You must have missed it Sir. At the start of the video when I showed all the ingredients to be used, I read out all the ingredients and their measurements. At the same time, the list of ingredients and measurements are also written on the screen. You can also see once again on the screen the complete list of ingredients and measurements at the end of the video. Thank you for watching!
Hi Chef Rose ,what is the speed level of the mixer when your making the dough?
I use medium speed #5
I loved the way you provide the instructions so thoroughly and very generous in giving your tips for a successful result, thank you so much, best regards and God bless.👏♥️💯 also, where did you buy your cheese roll loaf pans, love to have the , too👏♥️💯
You are so welcome!! I sell the cheese roll pans in our store - Caro and Marie.
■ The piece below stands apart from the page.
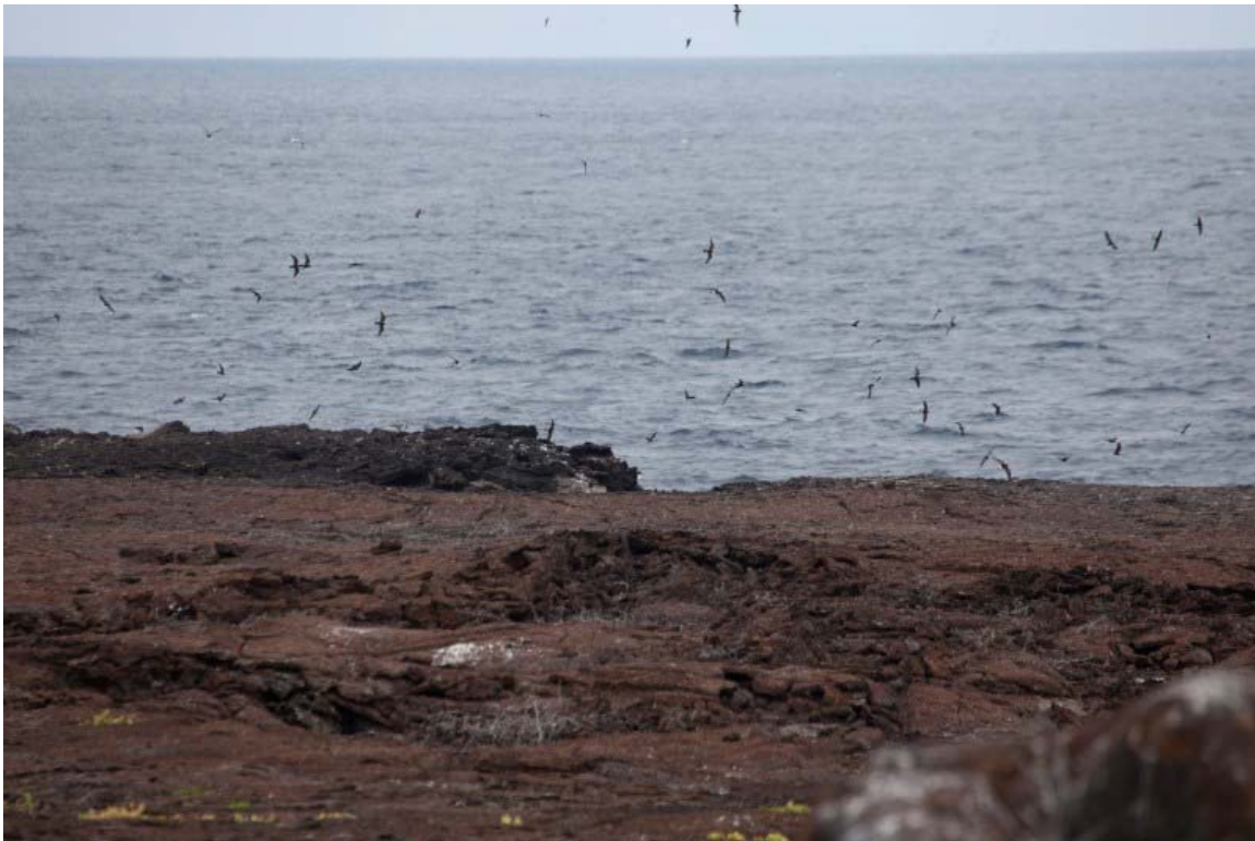
Kolonien med Wedge-rumped Storm-petrel på Genovesa.

@@ChefRoseofCaroandMarieCebu that’s awesome, just a 💭, is it possible if you use Amazon to sell these loaf pans and maybe your product line so people like us abroad can buy and enjoy them, too👏🏼♥️💯🔜🇸🇽🇨🇦♥️♥️♥️
Chef is it ok kung after gawing smooth balls eh diretso proof na rather than shaping it pa? Thanks!
Pwede naman.
salamat chef.. try ni naku... new subscriber here
Thank you for subscribing!
Wow Chef Rose! Thank you for sharing! I'd just like to know how long will the ensaymada remain that soft. 🙂
Good question! Depends on how well you knead, ferment, proof, bake and store them. If everything goes well, it will reman soft for 3 - 4 days. Thanks for watching!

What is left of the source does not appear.